Mientras la Justicia medie entre personas, la independencia y la integridad del aparato judicial son propicias para juicios o fallos basados en el Derecho Natural. El Derecho Común es, en esencia, el común concepto de lo que está bien y es justo en las relaciones entre los miembros de una comunidad. El criterio –es decir, los conceptos comunes en cuestión– puede cambiar más rápidamente que la ley que lo expresa; pero esto es culpa de la misma comunidad que no se da bastante prisa a hacer que la ley exprese su voluntad. En cuestiones morales y en las cubiertas por el derecho de propiedad, la ley tiende a expresar la voluntad de la masa conservadora, la mera inercia de los no afectados e indiferentes. Las leyes contra la perversión sexual, por ejemplo, son duras e injustas, porque no tienen en cuenta realidades naturales científicamente corroboradas. La gente, como en su mayoría no es homosexual, halla difícil el legislar para una minoría fisiológica o psicológicamente distinta.

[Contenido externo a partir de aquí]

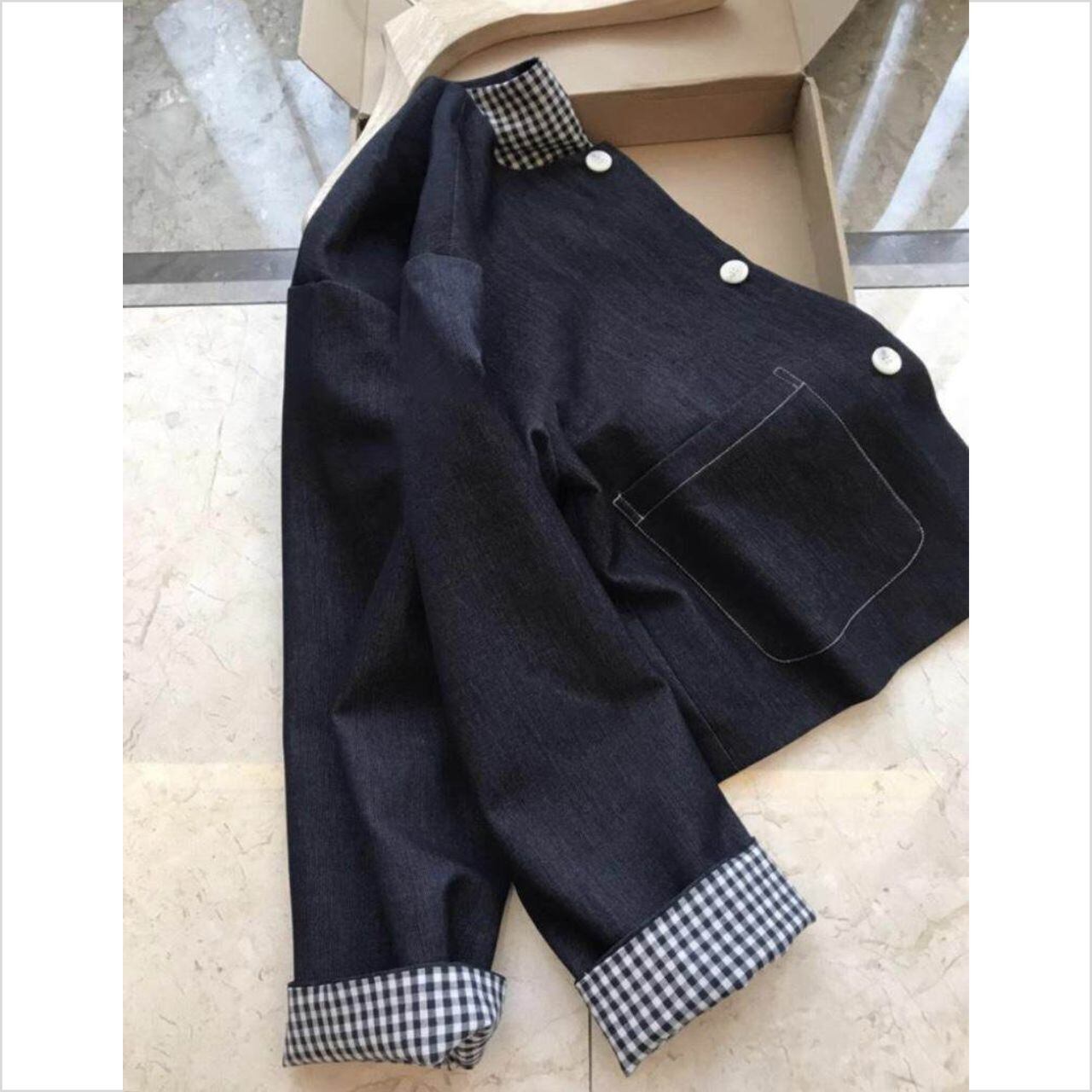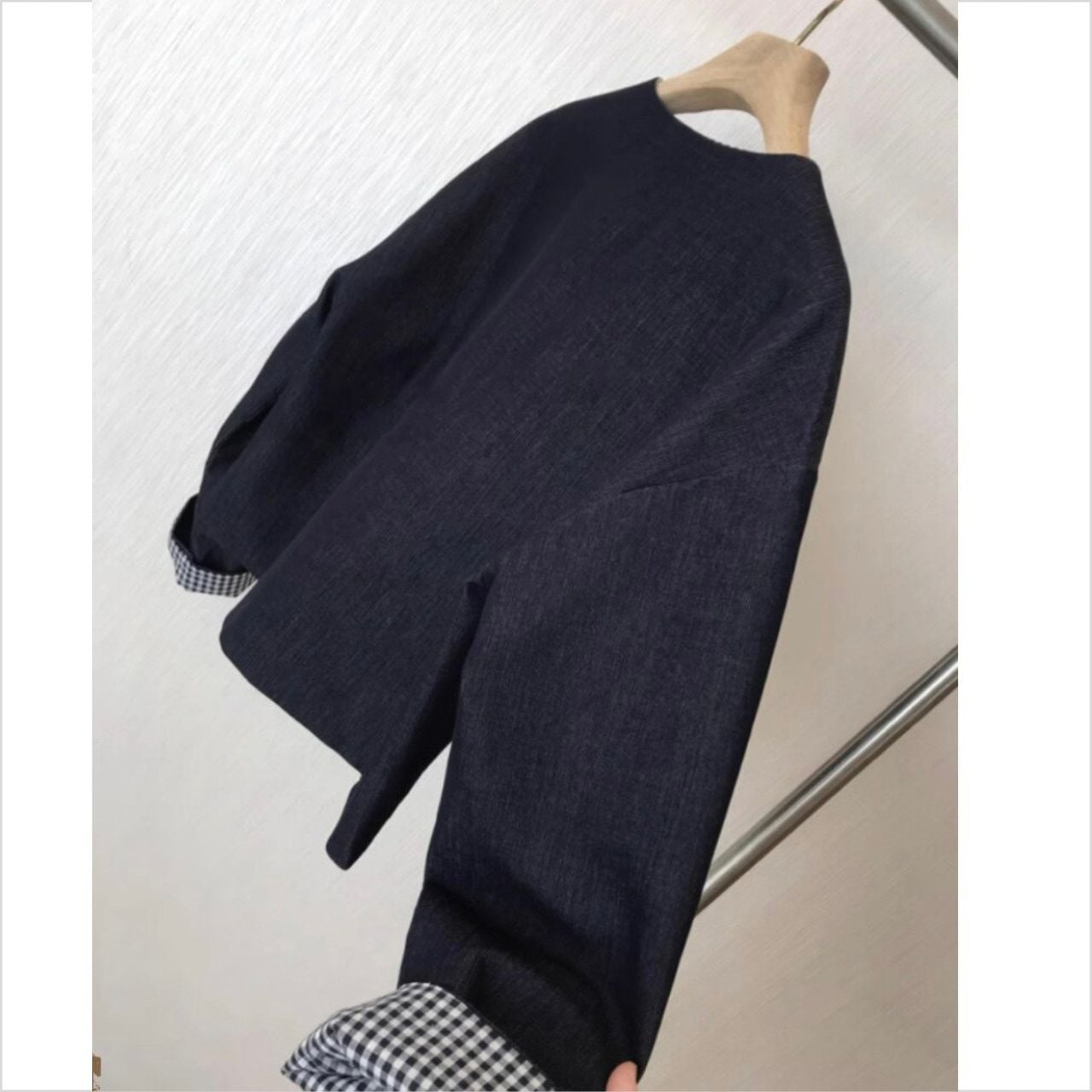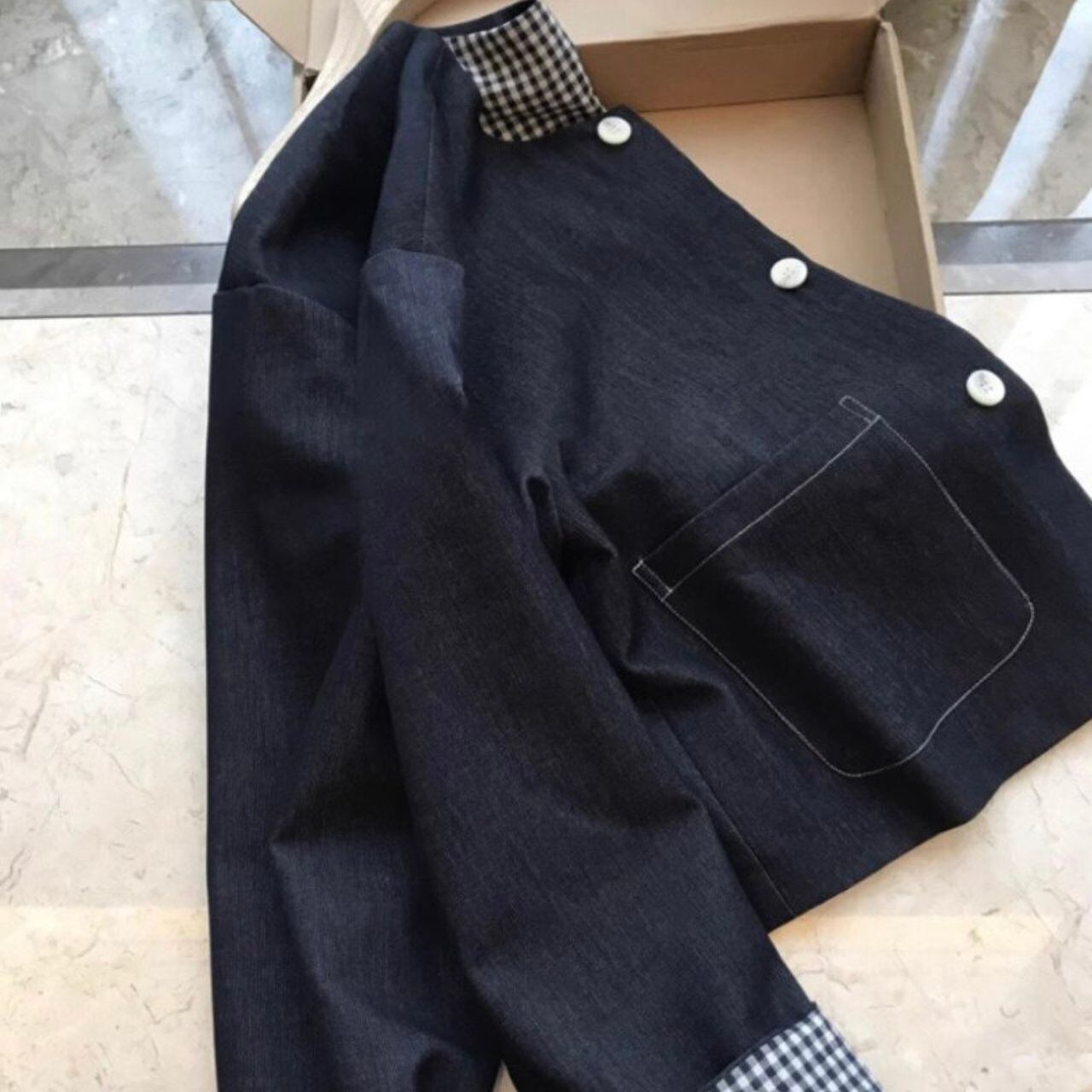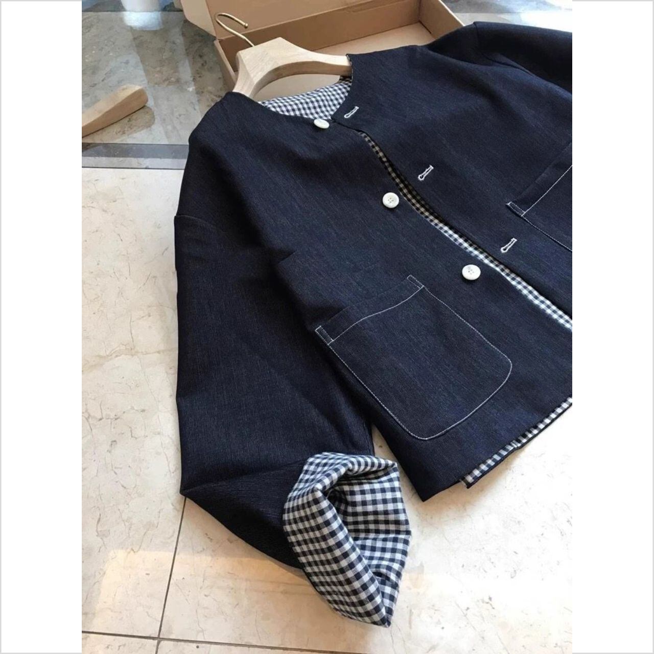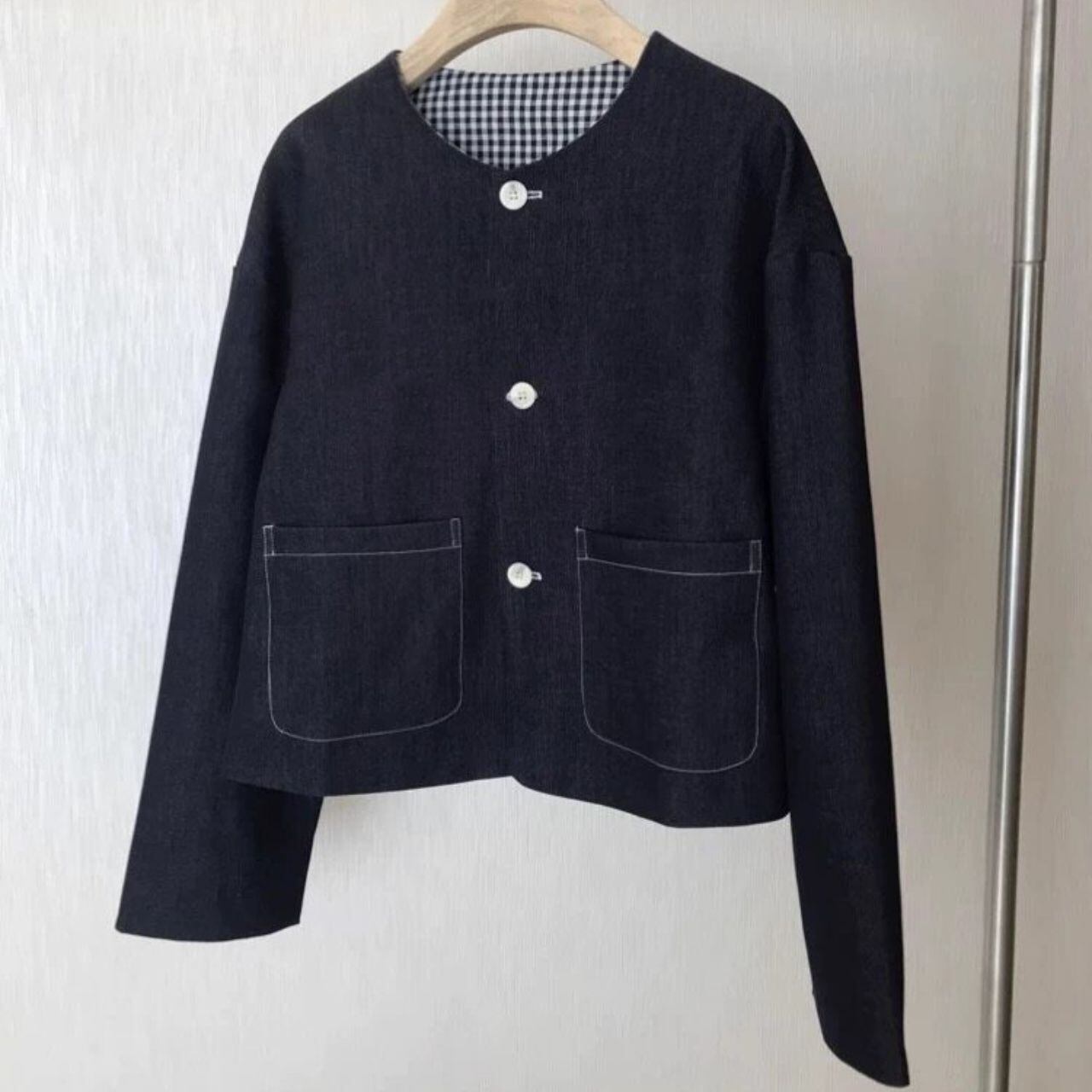#アウター #ライトアウター #デニムジャケット #ノーカラー #ショート丈

Estas son las inevitables complejidades de cualquier grupo social, y pueden ser eliminadas mediante el paciente análisis y la divulgación. La verdadera peligrosidad de nuestro aparato judicial surge cuando la causa de disputa media entre el individuo y el Estado. En tal caso, la ley, que en cualquier otro se habría basado en una noción de valores humanos (los derechos naturales), cambia de súbito y se convierte en un código de implacables edictos. La legislación por decreto podrá admitir esclarecimiento y diferencias de interpretación, pero su propósito es absoluto: está destinada a ser el potro de tortura en que hay que atormentar a toda suerte de individuos.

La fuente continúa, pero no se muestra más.